- What is expected:
Start with the line that holds "Profiles one hundred". Please copy it and each remaining line below exactly, leaving pictures out.

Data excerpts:
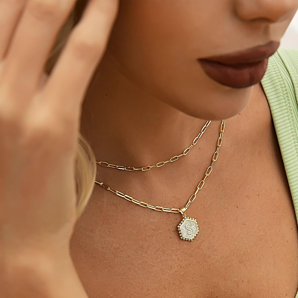 طبقات القلائد الأولية: القلائد الأولية هي من بين أفضل الحلي لإضفاء طابع شخصي على مظهر المجوهرات. من السلاسل الرقيقة إلى المعلقات الجريئة والألماس المتلألئ، هناك خيارات لا حصر لها لتخصيص خط عنقك.
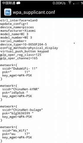 最后我们再在wifi目录里找到wpa_supplicant.conf文件,然后使用文本查看器打开查看,在这里变即可查看到所有之前我们手机连接过的Wifi密码,如下图所示:
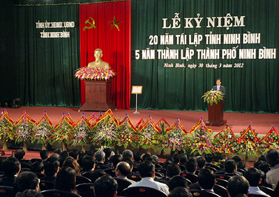 30日午前、北部ニンビン省の行政府創立20周年を記念する式典が行われました。式典で挨拶にたったベトナムのグェン・タン・ズン首相はニンビン省の党委員会、人民委員会、住民が収めた成果を評価するとともに、同省に対して「現在の党建設、綱紀粛正に関する幾つかの緊急問題」に課されたベトナム共産党中央委員会第4回総会を確実に実施するよう求め、次のように語りました
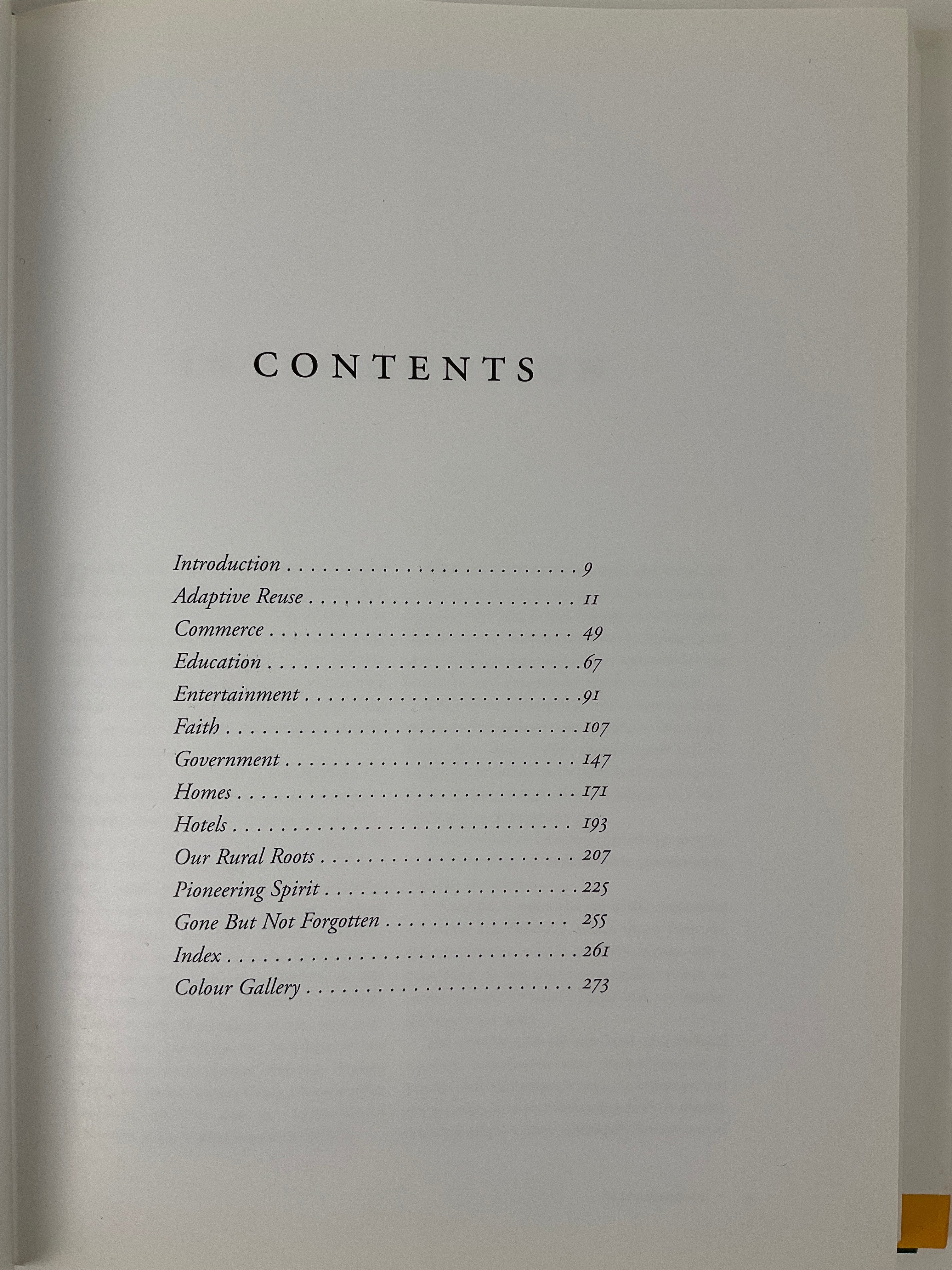 Profiles one hundred structures scattered throughout the province - banks, educational institutions, entertainment venues, government buildings, private dwellings, commercial lodgings and agriculture structures.
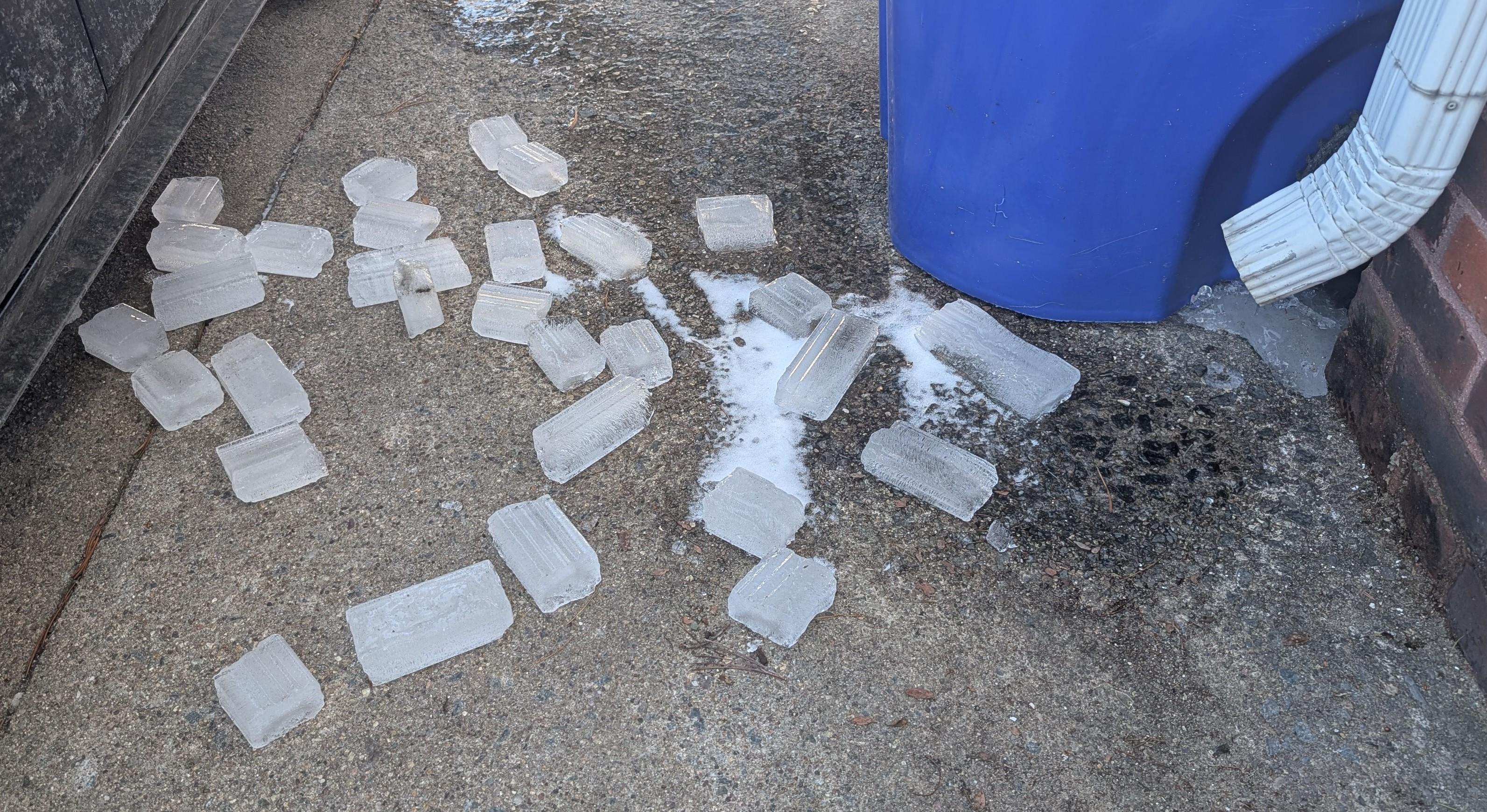 You see some cool stuff outside after long bouts of cold weather. For instance, my downspouts became automatic ice brick machines in the morning sun.

- Solution to this task:
 Profiles one hundred structures scattered throughout the province - banks, educational institutions, entertainment venues, government buildings, private dwellings, commercial lodgings and agriculture structures.
 You see some cool stuff outside after long bouts of cold weather. For instance, my downspouts became automatic ice brick machines in the morning sun.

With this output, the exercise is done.